Locate "- 新中式设计元素:徽派建筑" in the records below, then copy its line and every following line exactly, without the pictures.
---------- Exercise data
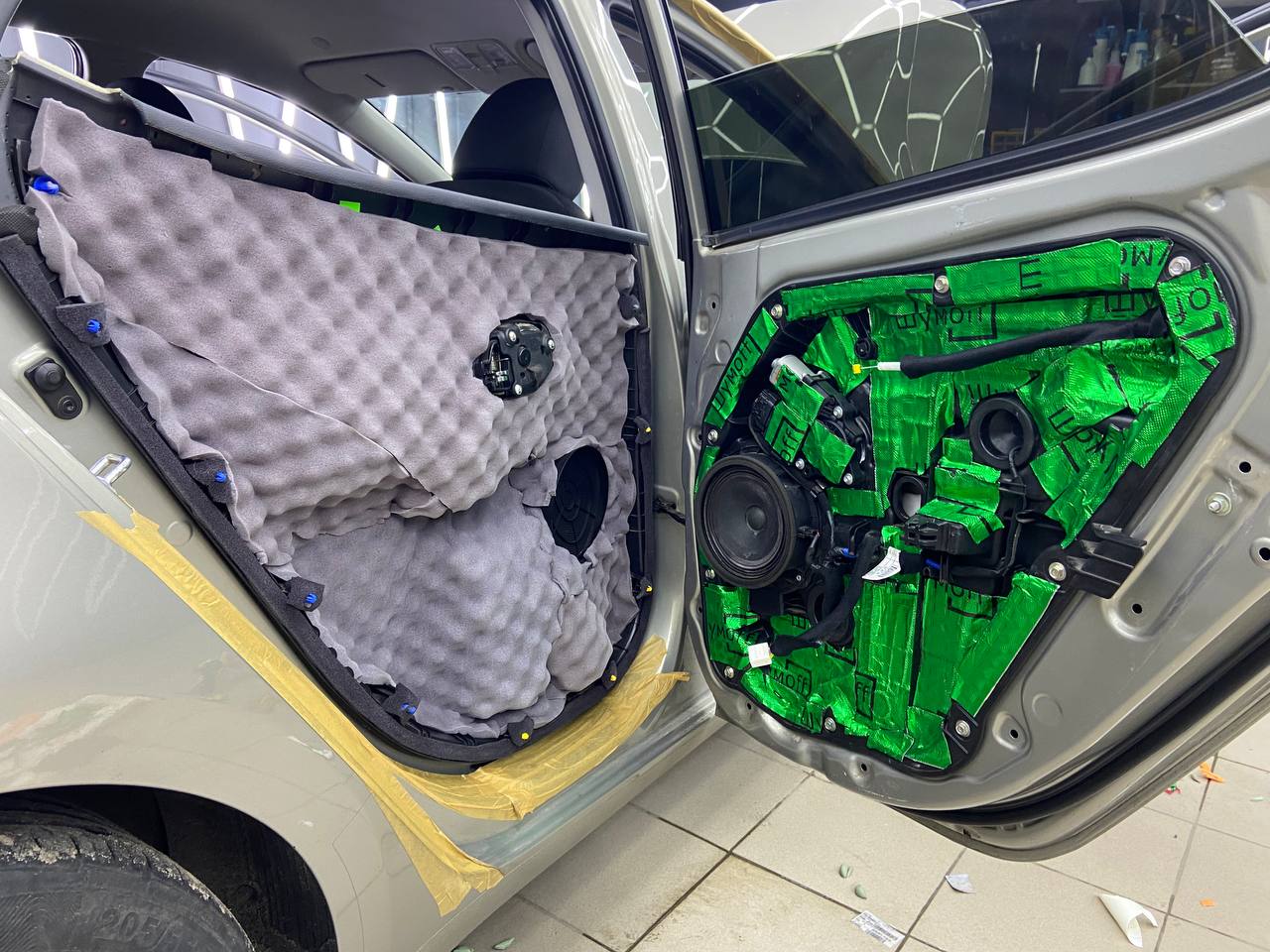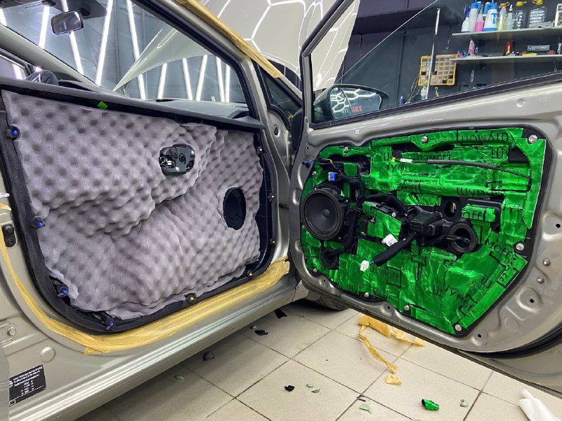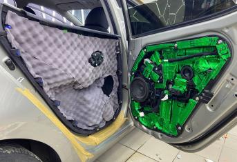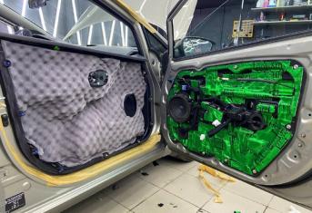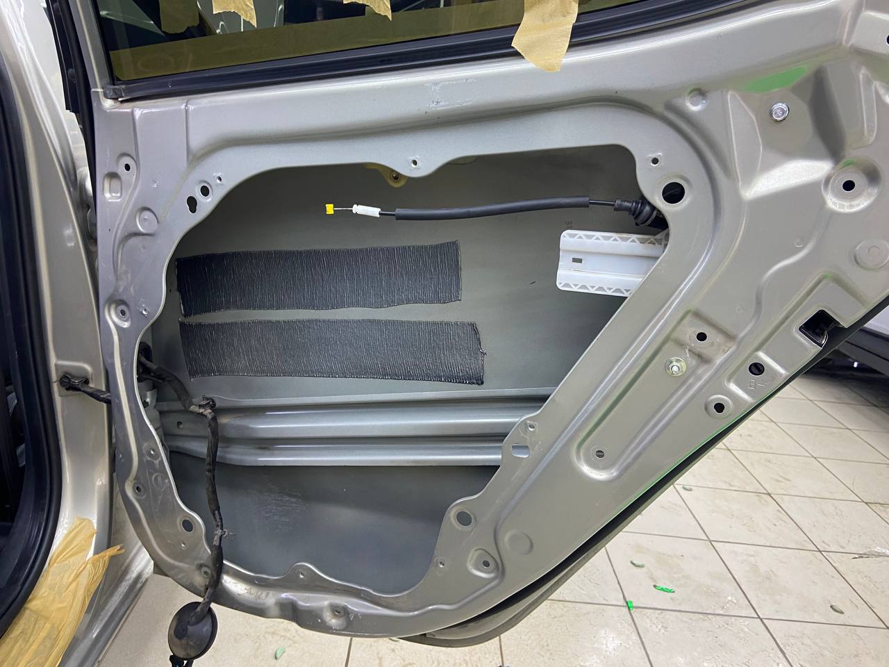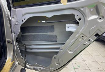 Начинаем работу с разборки дверей, подготовки поверхности и обезжириванию. Все работы по демонтажу пластика выполняются специальным инструментом. Мы гарантируем целостность клипс, креплений и отсутствие различного рода царапин, задиров на обшивках.
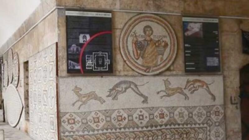 ويضم متحف معرة النعمان اكثر من الفي متر مربع من لوحات الفسيفساء الاثرية.
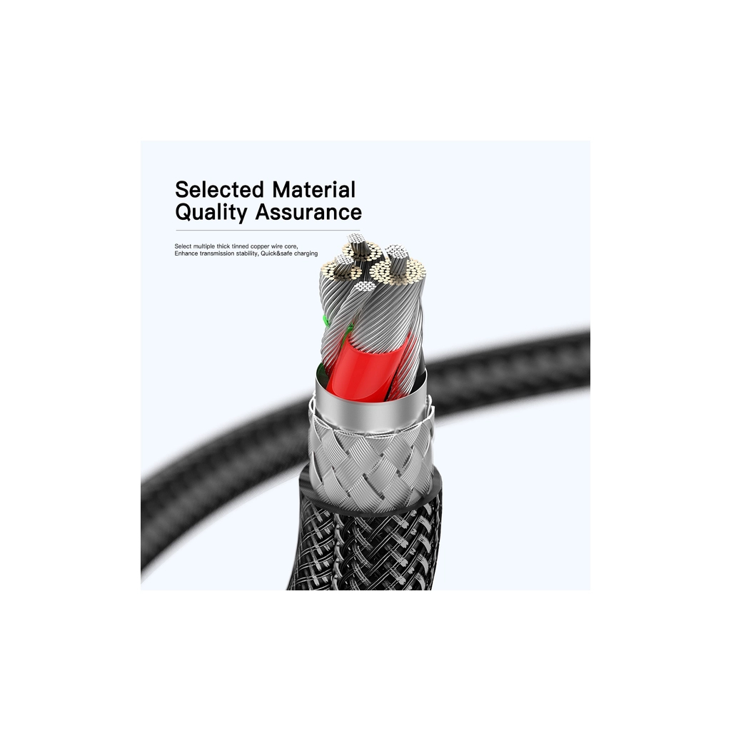 Зарядний кабель Essager має унікальну та якісну конструкцію, яка гарантує тривале використання без втрати функціональності. Форма роз'ємів та тканинне обплетення убезпечать від перегинання кабелю під час експлуатації.
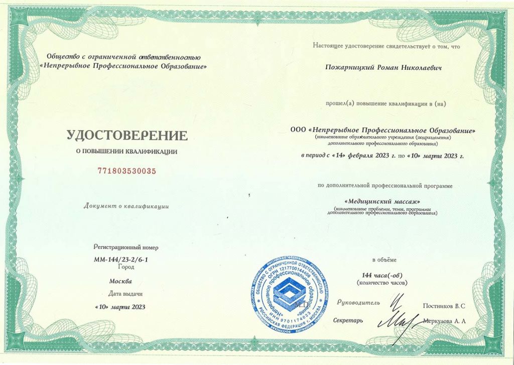 Удостоверение о повышении квалификации, подтверждающее прохождение Пожарницким Романом Николаевичем профессиональной программы «Медицинский массаж» в объёме 144 часов. Обучение завершилось успешным освоением программы, что даёт право на профессиональное применение полученных навыков в области медицинского массажа.
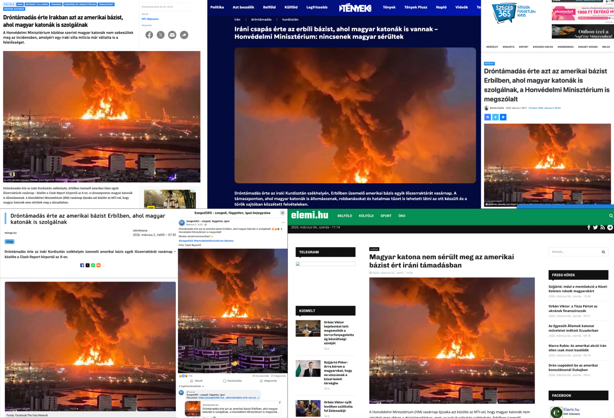A köztévé hírportálja, a Kossuth Rádió Facebook-oldala, a Népszava és a TV2 is mesterségesen felturbózott vagy hamis kontextusba helyezett képeket tett közzé az iráni válaszcsapásokról.
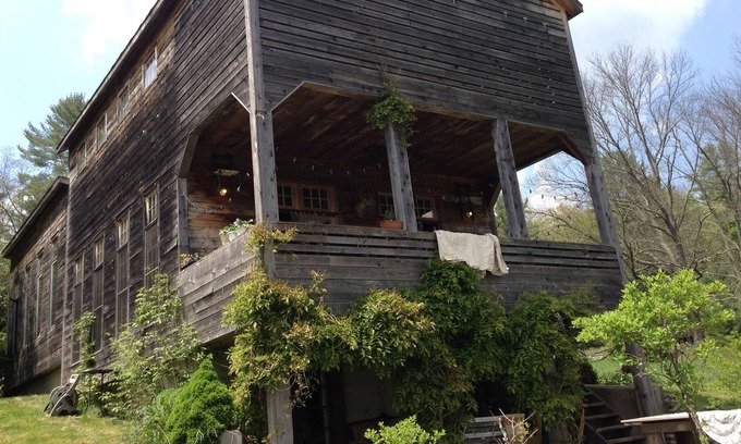 93-acre private art site deep in the woods with no close neighbors . Large lodge-like main building. Dozens of art project outbuildings and antique collections. Historic old homestead. Large rustic barn with media entertainment. Clean swimming pond.
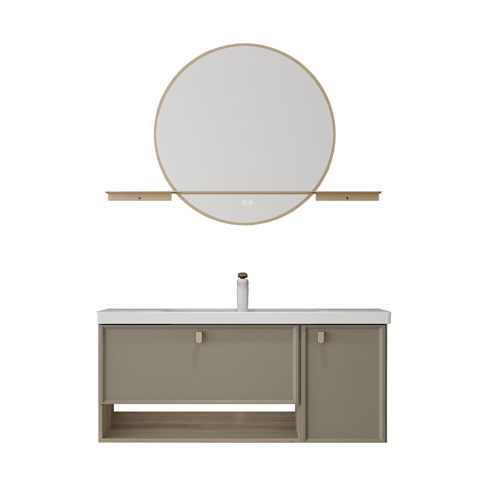 - 新中式设计元素:徽派建筑元素(吸塑造型门板提取马头墙元素,香槟金带纹理造型拉手提取飞檐和琉璃瓦元素),金属包边圆镜搭配触控氛围灯设计,传统与时尚碰撞,呈现新中式格调
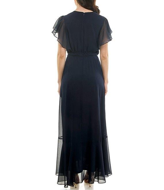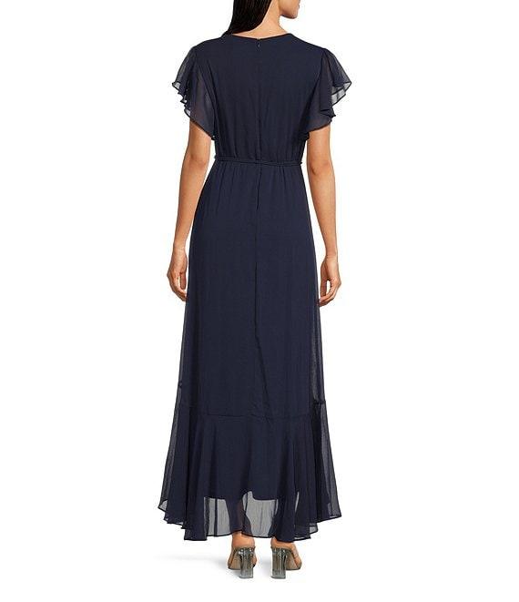 From Moda Tara, this dress features: Chiffon fabrication V-neckline Short ruffled sleeves Wrap silhouette Lined Belt Ruffled hem Zip back closure Approx. 57.25" in length from high point shoulder Polyester Hand wash Imported.
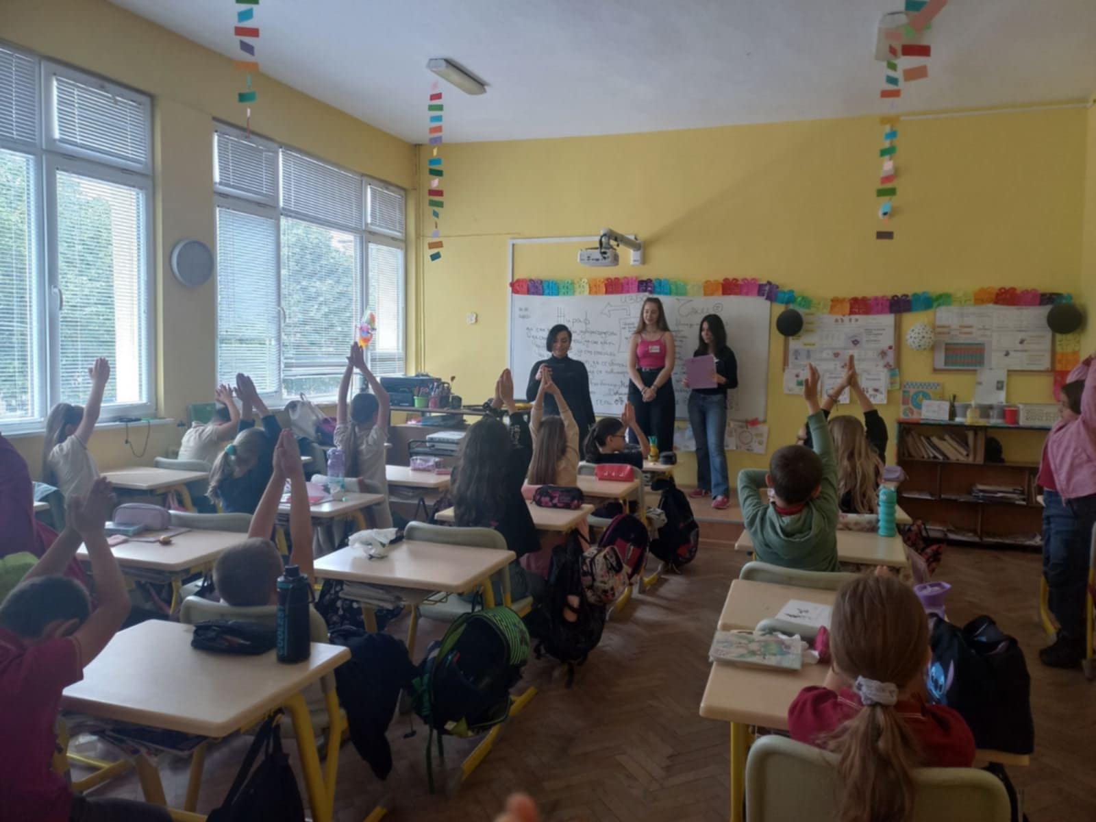 Обучителите бяха топло посрещнати от учениците от 2.а, 2.б и 2.в. клас и техните учители. По предварително изготвена програма, съобразена с възрастта на децата, се обсъдиха теми като ненасилствена комуникация, език на жирафа, език на чакала, справяне с конфликти без агресия. Не бяха пропуснати така любимите ролеви и ситуационни игри, както и вълшебните приказки с поука.
--------------------
- Response -
 - 新中式设计元素:徽派建筑元素(吸塑造型门板提取马头墙元素,香槟金带纹理造型拉手提取飞檐和琉璃瓦元素),金属包边圆镜搭配触控氛围灯设计,传统与时尚碰撞,呈现新中式格调
 From Moda Tara, this dress features: Chiffon fabrication V-neckline Short ruffled sleeves Wrap silhouette Lined Belt Ruffled hem Zip back closure Approx. 57.25" in length from high point shoulder Polyester Hand wash Imported.
 Обучителите бяха топло посрещнати от учениците от 2.а, 2.б и 2.в. клас и техните учители. По предварително изготвена програма, съобразена с възрастта на децата, се обсъдиха теми като ненасилствена комуникация, език на жирафа, език на чакала, справяне с конфликти без агресия. Не бяха пропуснати така любимите ролеви и ситуационни игри, както и вълшебните приказки с поука.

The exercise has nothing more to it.